2008-02-15

The Oprah Club

From S.M. Hutchens, writing at Touchstone - Mere Comments:

Whenever Oprah Winfrey comes out with a new book club selection, we at the public library know it within twenty seconds. This is no exaggeration. The Oprah books are, of course, favored almost exclusively by women. Middle-aged white women comprise the largest group of fiction readers. I expect them to be reading the kind of stuff she recommends, even without her recommendation. What happens when Oprah selects is that the huge number of them who are currently reading Danielle Steel or Sue Grafton or Nora Roberts are alerted to another woman-type fiction book and all crowd over to the lee rail of that particular literary ship to get sight of something they might otherwise have passed over, since the Oprah books are typically not mere entertainment, but entertainment salted with cracker-barrel philosophy that helps them feel, well, whatever it is that Oprahites need to feel.

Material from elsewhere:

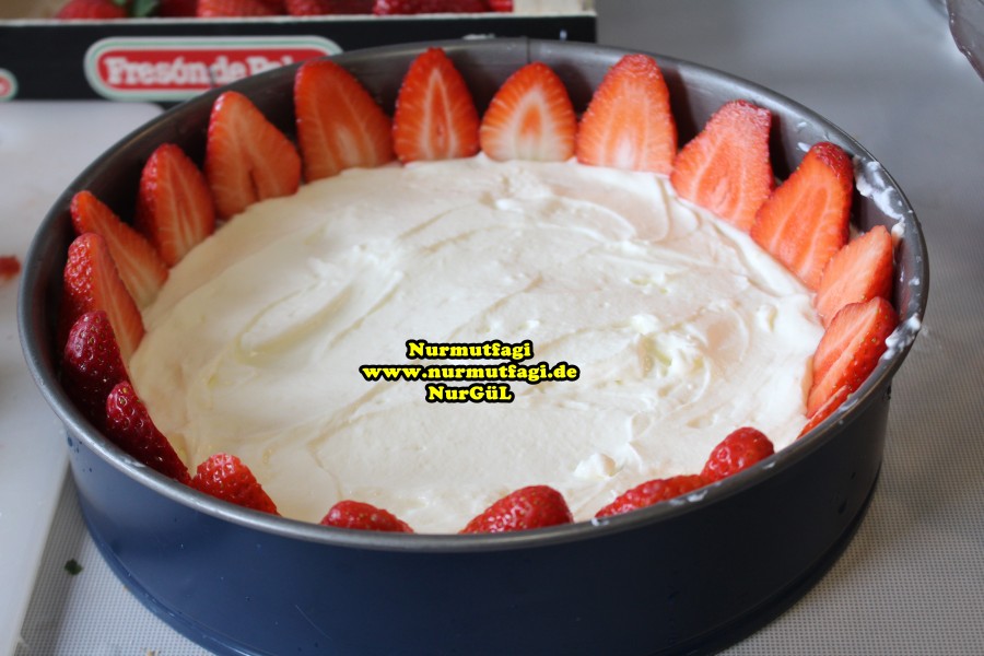 pandispanyamizi ikiye keselim ve kelepceli kaliba tekrar bi kat pandispanya yerlestirelim.. üzerine 2-3 kasik kremayi heryerine gelecek sekilde sürelim.. kalibin kenarlarina ortadan kesilmis cilekleri yerlestirelim… ortasina bolca dogranmis cilek ekleyip heryerine gelecek sekilde yerlestirelim… tekrar bolca kremadan sürelim ve cilekleri krema ile kaplayalim… ikinci pandispanyayi kremanin ve cileklerin üzerine koyalim tekrar krema ile kaplayalim… cilekleri ince ince 4e keselim.. pastamizin üzerini süsleyelim..
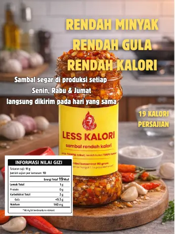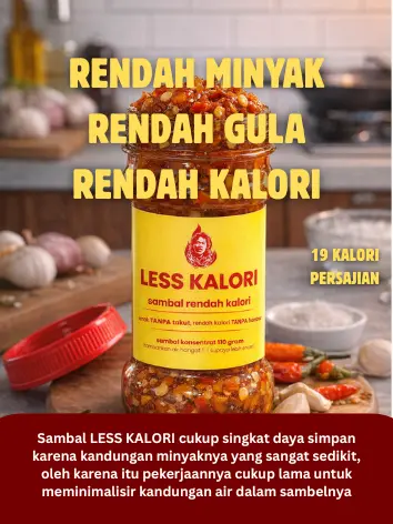 1. Sambal LESS KALORI sangat rendah minyak sehingga sambal terlihat padat, berbeda dengan kebanyakan sambal lain yang minyaknya bisa sampai 50%

Her audience (as I can see it from where I sit) is interesting in that she seems to range considerably outside this group of typical fiction readers to younger women, non-whites, and the less-educated. If mere literacy is a societal value, then Oprah certainly encourages it, and deserves every bit of lionessization that American Library Association types can lavish on her.

Mere literacy has no value in itself. It is worthy only as the servant of virtue. The virtues of Oprahism, however, appear to be subordinate to, and ordered by, the prime virtue of self-realization and self-actualization rather than that of finding the self by losing it in sacrificial service to others, subject to the will of God. Its heroes tend to be Prometheans injured by, and in defiance of, the Traditional Moral Order (let us all weep for them a bit), lap-christs for the entertainment of silly women. Oprahism, to be sure, is chock-full of "virtues," but the order in which they are placed relative to one another in the scheme of the whole makes the phenomenon a veil of evil.